3.3.8. Element Composition
Al, As, B, Ca, Cd, Co, Cr, Cu, Fe, Hg, K, Li, Mg, Mn, Na, Ni, P, Pb, Si, Sn, Sr, V, and Zn contents in dried homogenized samples were assessed using ICP-MS on quadruple mass-spectrometer Nexion 300D (Perkin Elmer Inc., Shelton, CT, USA), equipped with the seven-port FAST valve and ESI SC DX4 autosampler (Elemental Scientific Inc., Omaha, NE, USA) at the Biotic Medicine Center (Moscow, Russia). Rhodium 103 Rh was used as an internal standard to eliminate instability during measurements. Quantitation was performed using external standard (Merck IV, multi-element standard solution); Perkin–Elmer standard solutions for P, Si, and V, and all the standard curves were obtained at five different concentrations. For quality control purposes, internal controls and reference materials were tested together with the samples daily. Microwave digestion of samples was carried out with sub-boiled HNO3 diluted 1:150 with distilled deionized water (Fluka No. 02, 650 Sigma-Aldrich, Co., Saint Louis, MO, USA) in the Berghof SW-4 DAP-40 microwave system (Berghof Products + Instruments Gmb H, 72, 800 Eningen, Germany). The instrument conditions and acquisition parameters were: plasma power and argon flow, 1500 and 18 L min−1, respectively; aux argon flow, 1.6 L min−1; nebulizer argon flow, 0.98 L min−1; sample introduction system, ESI ST PFA concentric nebulizer and ESI PFA cyclonic spray chamber (Elemental Scientific Inc., Omaha, NE, USA); sampler and slimmer cone material, platinum; injector, ESI Quartz 2.0 mm I.D.; sample flow, 637 L min−1; internal standard flow, 84 L min−1; dwell time and acquisition mode, 10–100 ms and peak hopping for all analytes; sweeps per reading, 1; reading per replicate, 10; replicate number, 3; DRC mode, 0.55 mL min−1 ammonia (294993-Aldrich Sigma-Aldrich, Co., St. Louis, MO 63103, USA) for Ca, K, Na, Fe, Cr, V, optimized individually for RPa and RPq; STD mode, for the rest of analytes at RPa = 0 and RPq = 0.25 [61].

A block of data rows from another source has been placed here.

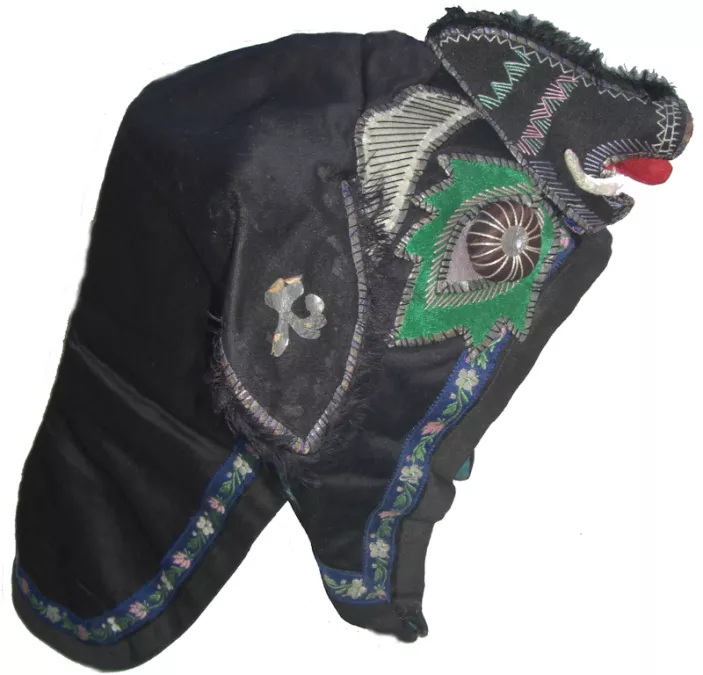 Black Silk Elephant with embroidered nose and silver couched applique; cotton lining.
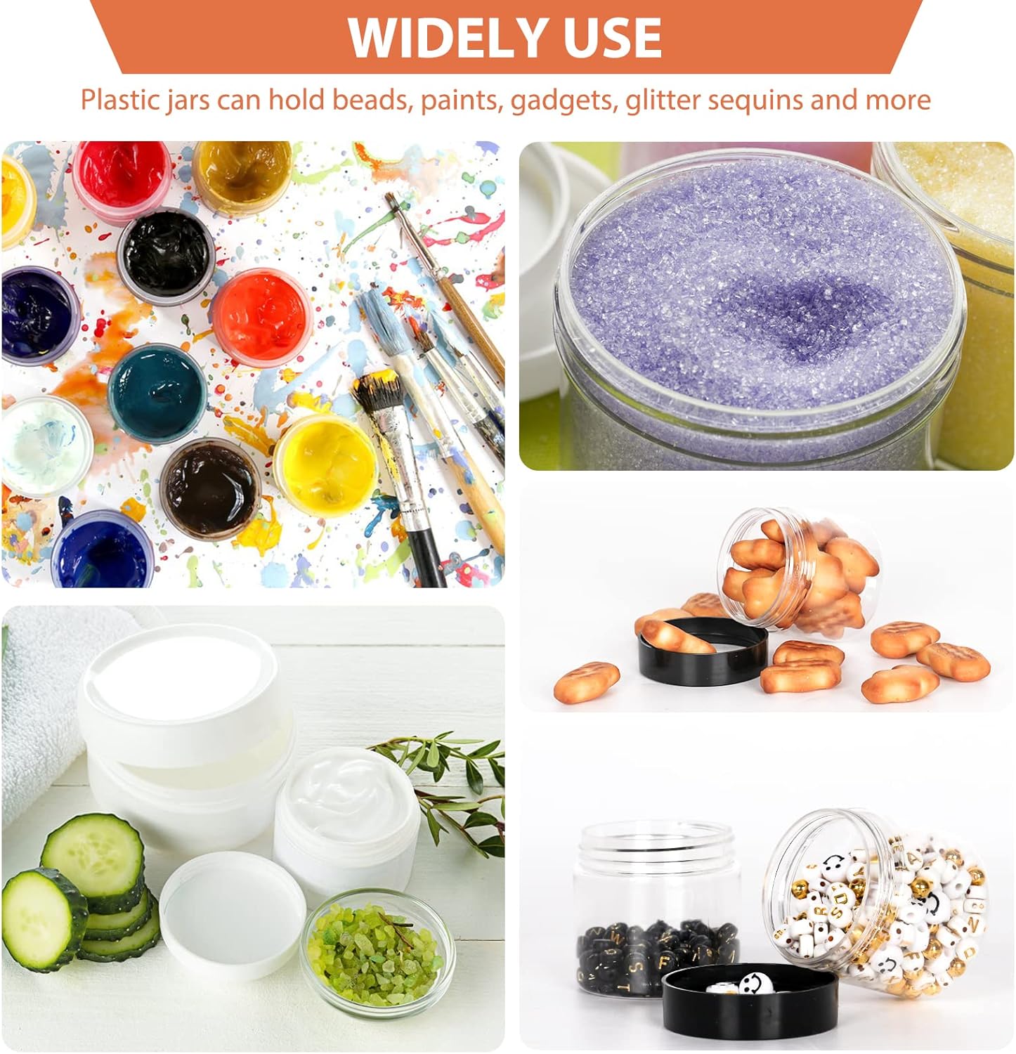 50pcs 2 oz Clear Plastic Round Jars with Black Lids, 2oz 60ml Leak-Proof Wide-Mouth Cosmetic Storage Containers for Kitchen Use, Beauty Products, Cream, Scrubs, Bath Salt and More
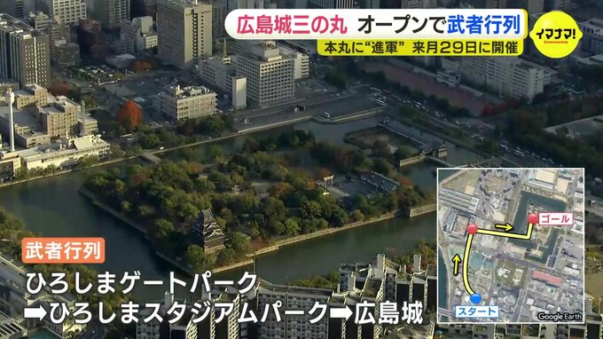 オープンに合わせて行われる武者行列は、「ひろしまゲートパーク」をスタートします。「ひろしまスタジアムパーク」を経て、広島城本丸まで進軍するコースで、およそ40人の甲冑姿の武者たちが2キロを練り歩きます。

Trace levels of Hg and Sn in samples were not taken into account and, accordingly, they were not included in the tables.
3.3.9. Determination of Iodine
Determination of iodine was carried out according to [60], using the Voltamperometric Analyzer TA-4 (Tomanalyte, Tomsk, Russia) equipped with built-in UV lamp and three-electrode electrochemical cell: auxiliary and reference electrodes (silver chlorides in 1 M KCl), and working electrode, i.e., a modified silver electrode. Then, 2 mL of 10% KOH solution was added to 0.1 g of dried homogenized samples, which were ashed at 40–550 °C. The mixtures were cooled down, 1 mL of 10% zinc sulfate solution was added, and ashing was repeated in the same mode. The resulting white probes were dissolved in 10 mL of distilled water, and iodine concentration was determined using concentrated formic acid as a background electrolyte and standard potassium iodide solutions of 0.1 mg·L−1, 1 mg·L−1, and 10 mg·L−1.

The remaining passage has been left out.